A highly anticipated bipartisan gun safety package made its way through the Senate on Tuesday, setting up a possible floor vote on final passage by the end of the week.

Senator Chuck Schumer of New York, the majority leader, pledged to put the agreement up for a vote once the legislation had been completed.

Approximately two hours after a bipartisan group of senators unveiled the bill text, the Senate passed the legislation by a vote of 64-34. All 50 Democrats and 14 Republicans supported the legislation.

The senators knew they had to act quickly because the death of 10 black individuals at a Buffalo, New York, supermarket in May and of 19 youngsters in Uvalde, Texas, had sparked a sense of urgency.

The last important federal gun control law, which forbade the production of assault rifles and large-capacity ammunition clips for civilian usage, was approved in 1994.

Although the daily average of mass shootings increased to 11 this year, according to the Gun Violence Archive, it expired a decade later and no significant reform efforts have been made since.

On June 12, a group of senators from both parties came to an agreement on a framework that calls for money for mental health and school safety initiatives as well as improved background checks for buyers under the age of 21.

The strategy also requests cash to encourage states to enact “red flag” legislation that require them to take away firearms from people they deem to be threats.

The bill will “protect America’s children, keep our schools safe, and minimize the threat of violence throughout our country,” according to the four principal negotiators, Senators Chris Murphy, John Cornyn, Kyrsten Sinema, and Thom Tillis, before the vote.

“Our legislation will save lives and will not infringe on any law-abiding American’s Second Amendment rights,” the senators said in a statement. “We look forward to earning broad, bipartisan support and passing our commonsense legislation into law.”

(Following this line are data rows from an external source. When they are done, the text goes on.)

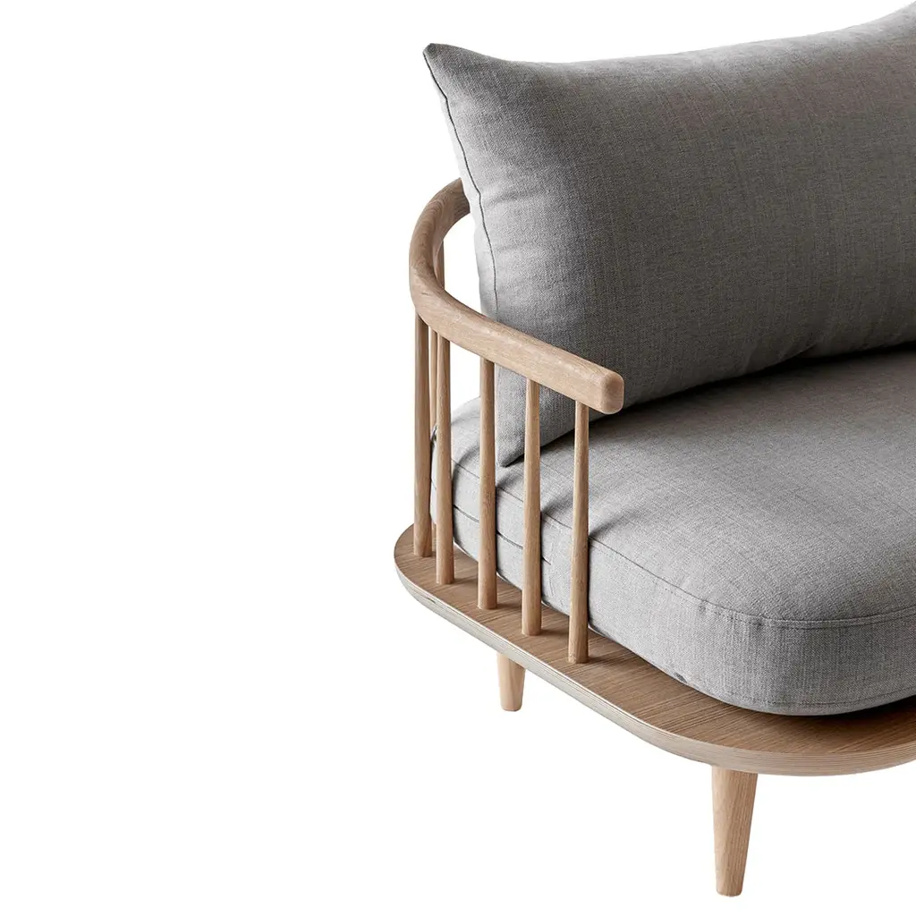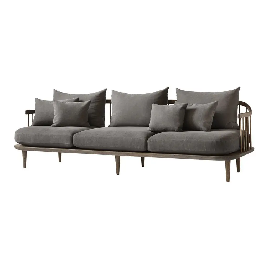 With the Fly 3-Seater, Space Copenhagen amplifies your experience of lounging and socializing with ease. Three enormous seat cushions invite you and anyone else you would like to be with to relax in absolute comfort, with all kinds of options as to the solid oak colors and types of upholstery. Rearrange the back cushions anyway you like. Add a dog or cat, or curl up with a book or a cup of coffee. And you have all the creature comforts that make a house feel like a home - in a sofa.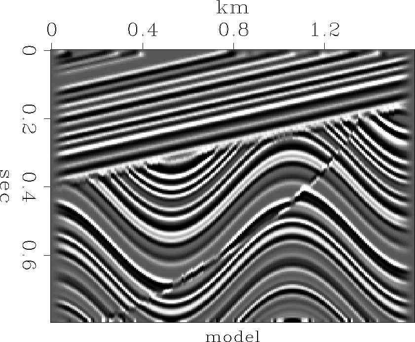 These properties are examined more closely in the next synthetic example. Figure 10 shows a more sophisticated model that contains a fault, an uncomformity and faulting structures Claerbout (1995). For better displaying, we extract the central part of the model and compare it with the migration results of different methods in Figure 11. Comparing the plots shows that the reciprocity method successfully removes the aliasing artifacts (round-off errors) of the aliased (nearest neighbor interpolation) migration. At the same time, it is less harmful to the high-frequency components of the data than triangle filtering. This conclusion finds an additional support in Figure 12 that displays the average spectrum of the image traces for different methods. Both of the antialiasing methods remove the high-frequency artifacts of the nearest neighbor modeling and migration. The reciprocity method performs it in a gentler way, preserving the high-frequency components of the model.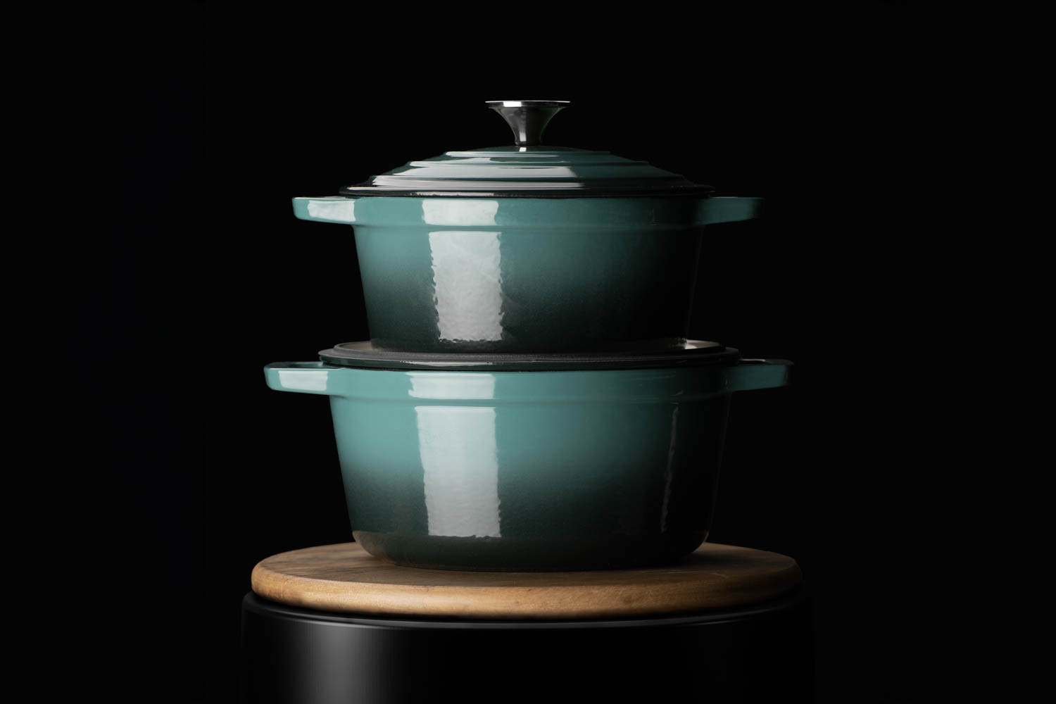 The Nouvelle range features solid die-cast iron glazed with multicoat porcelain enamelling fired at up to 1400 degrees for robust performance. Each piece is hand-finished to create unique and beautiful heirloom pieces you’ll be proud to pass down to the kids.

Senator Christopher S. Murphy, Democrat of Connecticut and a longtime champion of gun reform legislation, helped lead the discussions.

The procedural vote on Tuesday puts the Senate on track to fulfill the deadline set by the negotiators to enact the bill before legislators depart for their July Fourth break. The legislation would be the most substantial response by Congress to a mass shooting in almost 30 years.

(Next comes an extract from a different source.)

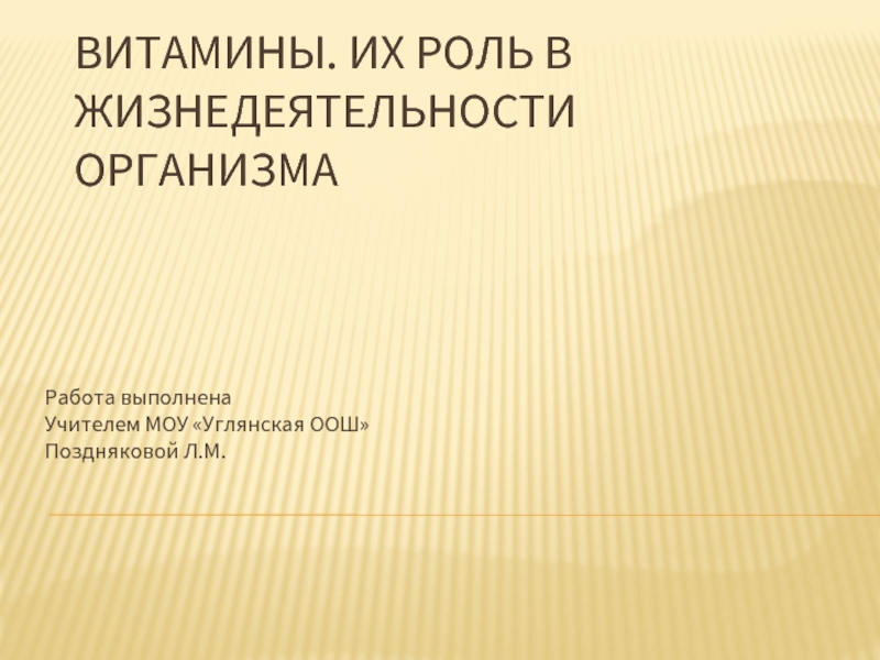 Слайд 1ВИТАМИНЫ. ИХ РОЛЬ В ЖИЗНЕДЕЯТЕЛЬНОСТИ ОРГАНИЗМА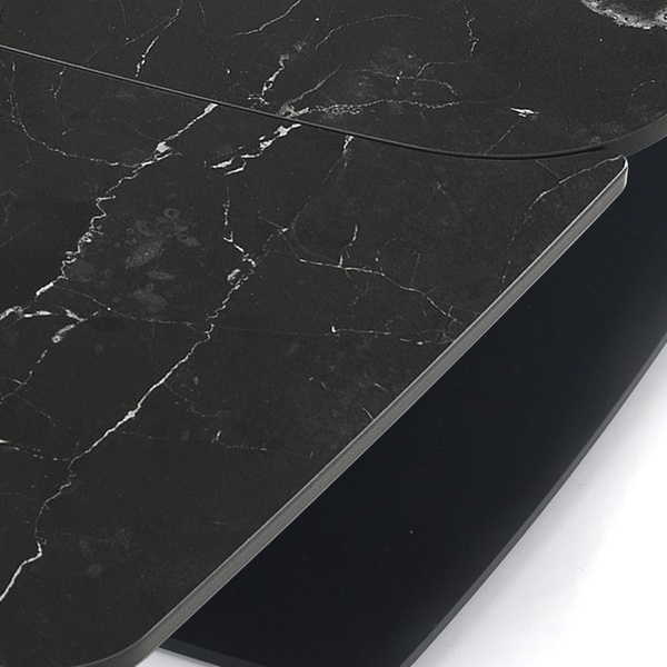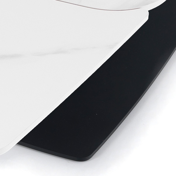 • Der Rand der Tischplatte ist Mattschwarz lackiert

Senate Minority Leader Mitch McConnell declared his intention to support the legislation on Tuesday, calling it a “commonsense package of popular steps.” Senate Majority Leader Chuck Schumer promised that the Senate would “proceed to final passage as fast as feasible.”

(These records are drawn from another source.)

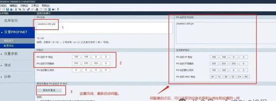 然后配置通信报文为西门子报文111(P922=111) ,这是EPOS控制的标准报文。之后点击"设置PROFINET→配置网络",设置V90的IP地址和设备名称,设备名称一定要与TIA Portal项目中配置的完全相同,保存参数后需重启驱动器才能生效。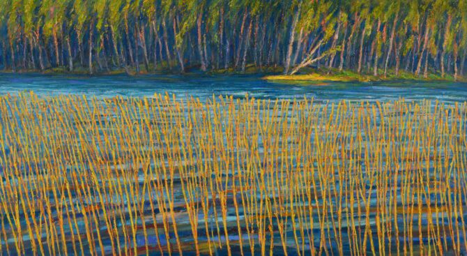 Trzciny (jezioro Pluszne), wymiary 90x160cm, technika:olej na płótnie, 2025, praca sygnowana, certyfikat oryginalności do zakupionego dzieła .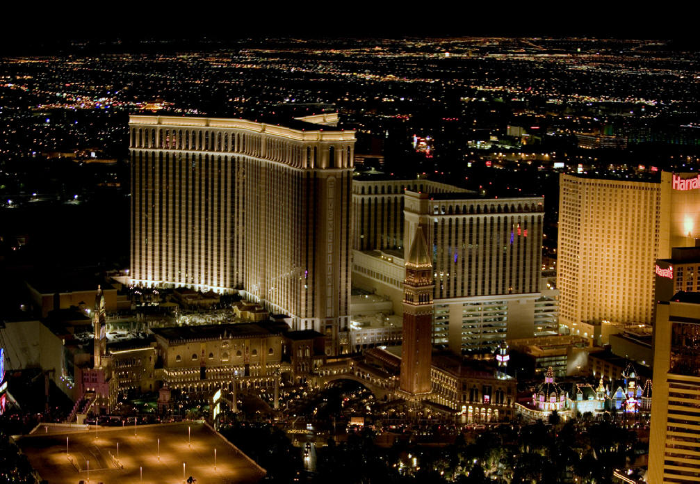 A night time shot of the Venetian |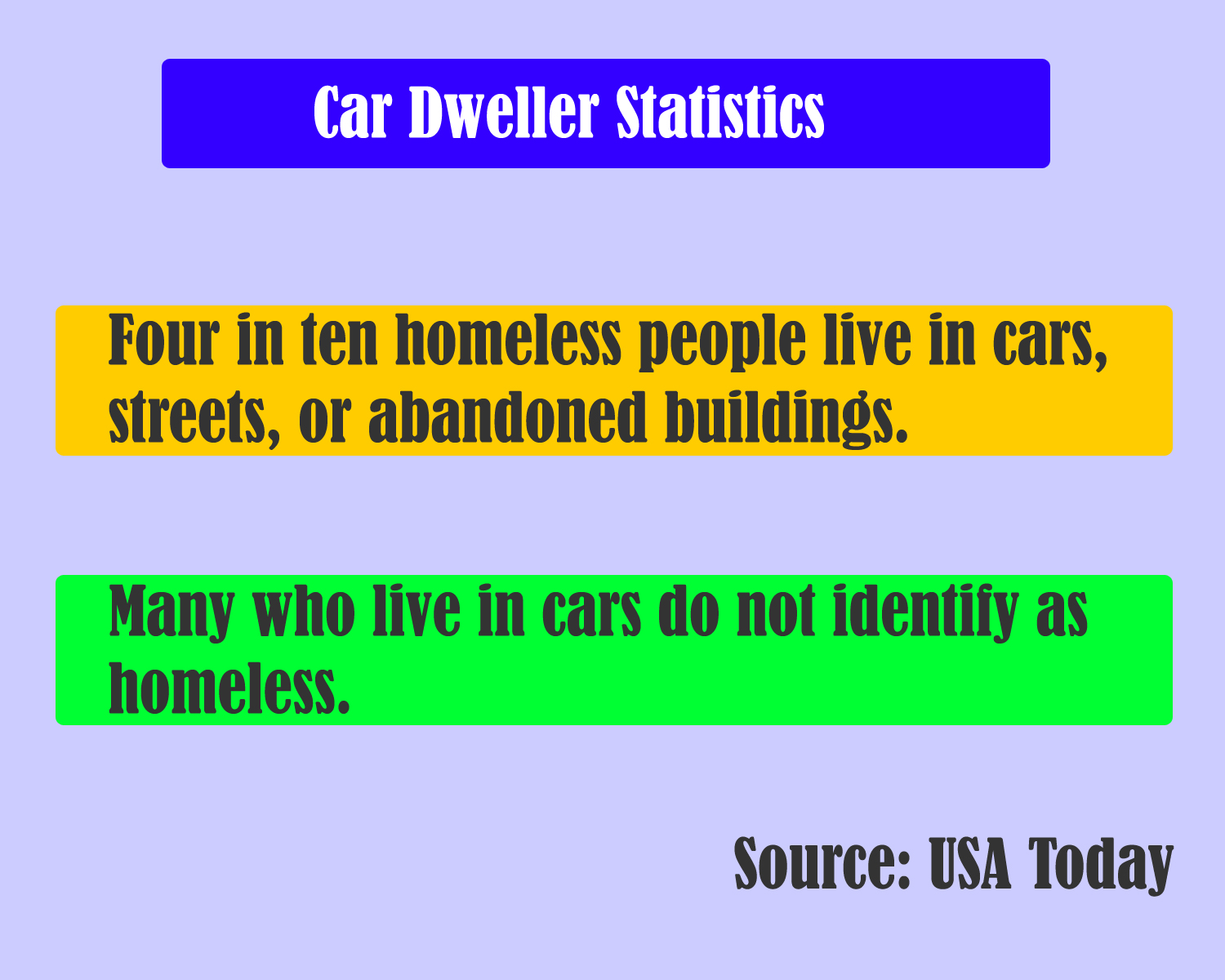 Local ordinances vary, but living in a car, except in designated areas, is generally not encouraged. There are many stories of individuals who have escaped legal scrutiny. The regulatory environment is becoming tougher, though, as rising unemployment rates have forced many individuals to adopt this lifestyle as the only resort. Some counties have regulations that prohibit car owners from staying in their cars for more than six hours at a time. Police scrutiny has increased in neighborhoods where van dwelling is likely to occur.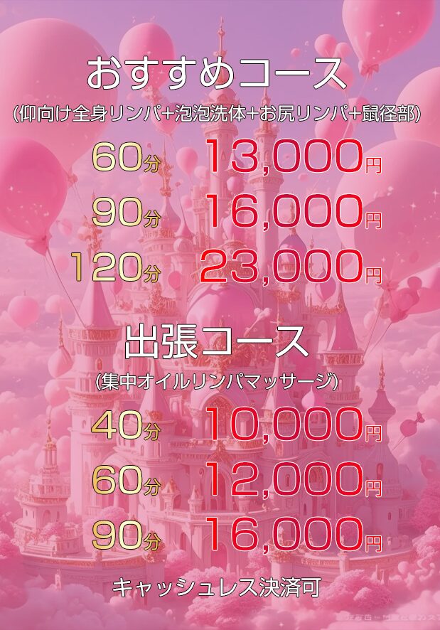 当店のマッサージは、心身の緊張を和らげ、眠っていた自然治癒力を回復させることで、ストレスや疲労を改善し、快眠と翌朝の爽やかな目覚めを促し、生活や仕事の充実をサポートいたしますので、ぜひ甘く優雅な癒しの時間をお過ごしください。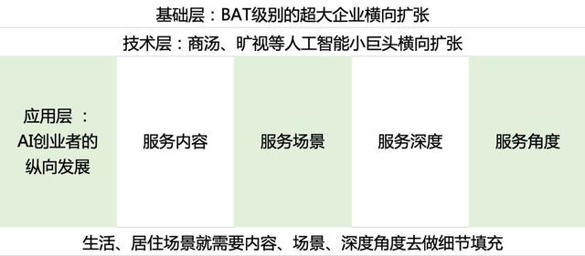 目前BAT级别的大企业,主要在基础层去做自己的服务。商汤、旷视这类人工智能小巨头则是在技术层做横向扩张。

While senators involved in the negotiations had hoped to complete the legislative language last week, discussions stalled over two issues: how to support so-called red flag laws, which permit the seizure of weapons from those deemed a danger to themselves or others, and closing the “boyfriend loophole” by extending restrictions on the purchase of firearms by people who have abused romantic partners.

Republicans have voiced reservations about the enhanced limits’ definition of a long-term connection as well as the significance of returning gun rights to those with petty offenses. By the time lawmakers published the legislative text, those problems had been fixed.

“This bill is not going to please everyone,” Cornyn said. “But I believe the … same people who are telling us to do something are sending us a clear message: to do what we can to keep our children and communities safe.”

Cornyn said he wanted at least 70 senators to support the bill, but so far, five Republicans who weren’t among the original ten to support the framework have stated they might support it if it comes to the floor. During a closed-door GOP lunch last week, conservative members of the conference objected to some of the framework’s elements. The Texas GOP also chastised Cornyn and the other Republicans for taking part in the gun talks over the weekend.

Tuesday night, the National Rifle Association declared that it would oppose the proposed legislation, claiming that “it falls short at every level” and “does little to truly address violent crime while opening the door to unnecessary burdens on the exercise of Second Amendment freedom by law-abiding gun owners.”